Housing starts are also anticipated to move in the same upward trajectory, Crowe said, with single-family housing production increasing from 434,000 units last year to 503,000 this year and a more solid 660,000 in 2013.

On the multifamily side, starts posted a healthy 55 percent increase in 2011 over 2010.

“A lot of newly formed households have become renters, so we need more rental units,” Crowe said. “We don’t expect to see the same rate of increase moving forward, but we should continue to see a healthy recovery.”

NAHB is anticipating that multifamily starts will rise from 177,000 units last year to 216,000 in 2012 and 235,000 in 2013.

With many households choosing to stay in place and remodel their homes rather than move, residential remodeling is expected to rise 12 percent this year and another 7.9 percent in 2013.

U.S. Economic Outlook
Delving into the economic forces that housing will be contending with in the next two years, Chris Varvares, senior managing director and co-founder of Macroeconomic Advisers, LLC, projected growth in the gross domestic product of 2.6 percent this year and about 3.3 percent in 2013.

Citing a number of risks to this outlook, Varvares said the “eurozone is the 800 pound gorilla in the room,” and if Spain or Italy face a financial default, the effects could spill over into the U.S.

Soaring oil prices and the standoff with Iran over its nuclear stance could also unnerve financial and commodity markets.

In the U.S., he said that the payroll tax holiday, emergency unemployment benefits, and the Bush-era tax cuts are all due to expire at the end of the year. So if Congress does not act, he said we could be “hitting a fiscal cliff.”

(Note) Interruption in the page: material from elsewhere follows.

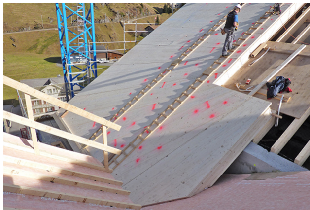
Montage von Dachelementen auf der Primärkonstruktion

On the plus side, he said that increasing household formations, rising real incomes, steadily upward payroll growth and a bullish stock market will contribute to the current economic expansion.

Turning to the housing front, Varvares said, “we believe we have hit the trough in home prices” and expects prices to be flat this year and to rise 1.5 percent in 2013.

He anticipates 514,000 single-family starts in 2012 and 751,000 next year. Multifamily housing production should hit 221,000 this year and 238,000 in 2013.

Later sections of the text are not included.